The Pink Panther Cartoon Collection: Volume 1 1964-1966
Studio: Kino Lorber Studio Classics
Feb 23, 2018 Web Exclusive
In 1963 Blake Edwards’ Pink Panther movie gave the world Inspector Clouseau and Henry Mancini’s magnificent theme, but it also threw in a pink cartoon panther over the opening credits. This sleek and effortlessly suave creature would go on to get his own cartoon series running off and on for decades. Collected here are the first 20 episodes released between 1964-66.
Be careful before launching into a full binge. There’s a special kind of madness that comes from over-exposure to Mancini’s Pink Panther theme. The sweet spot seems to be between 3-5 episodes. Any less and you’ll want more; any more and you’ll end up double stepping like the eponymous hero, humming yourself to distraction with the music.
He’s an eminently distractible character as well, especially since there’s no single formula governing a Pink Panther cartoon. In some he’s a silent troublemaker, mercilessly torturing a mustachioed working man. Other outings find him blithely going about his own business, or being driven into rage by adversaries ranging from a resourceful mosquito to a rude, manipulative weight machine and a willful convertible car.
In the best episodes, there’s often no dialogue. Sometimes characters speak, and other times a voiceover might be employed, but when dialogue is removed, the visual gags take center stage.
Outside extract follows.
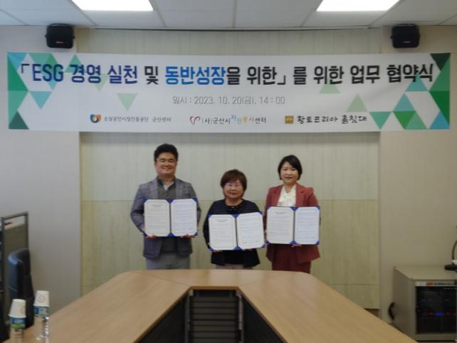 [È£³²´º½º¶óÀÎ = ¼ÀºÈ« ±âÀÚ] ±º»ê½Ã´Â (»ç)±º»ê½ÃÀÚ¿øºÀ»ç¼¾ÅÍ(ÀÌ»çÀå ȲÁø)°¡ Áö³ 20ÀÏ ¼Ò»ó°øÀνÃÀåÁøÈï°ø´Ü±º»ê¼¾ÅÍ(¼¾ÅÍÀå ¼±¸í¿Á), ȲÅäÄÚ¸®¾Æ Èëħ´ë(ÀÌ»çÀå ¹èÁ¾¹®)¿Í ÀÚ¿øºÀ»ç Áö¿øÅä´ë¸¦ ¸¶·ÃÇÏ°í ¡®ESG°æ¿µ½Çõ ¹× µ¿¹Ý ¼ºÀåÀ» À§ÇÑ ¾÷¹«Çù¾à¡¯À» ü°áÇß´Ù°í ¹àÇû´Ù.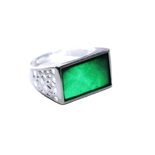Sterling Silver Ring with Natural Ice Emperor Green Jade and Vine Leaf Hollow Design

Wonderfully inventive animation piles up in an episode where the Pink Panther sits inside a safe preventing a burglar from breaking in. He thwarts him with studied cool, calmly strolling from the safe to plant a stick of dynamite back into the burglar’s pants.
Explosions of some kind occur regularly. Characters are frequently blown up or blasted in the face by guns, lefts black and charred afterwards. Some of it becomes almost gruesome, especially when the Pink Panther leaves an iron on his stomach, burning a triangular hole straight through. Embarrassed by this turn of events, he fills the gap with a cuckoo clock.
Elsewhere the tone turns from elegant to slapstick in seconds. He can be lolling about smoking with a cigarette holder in one episode, before gobbling down a box of camera flash bulbs, becoming his own internalized lightening show in another.
Over the course of this collection, the Pink Panther wins some and loses some, and even loses his cool, but he never stops being cool. That 1963 movie wasn’t really about Inspector Clouseau or a cartoon panther, but it managed to create two breakout stars. While the former is a blundering buffoon, the latter, even when blundering, is just too damn stylish to lose his nonchalant charms.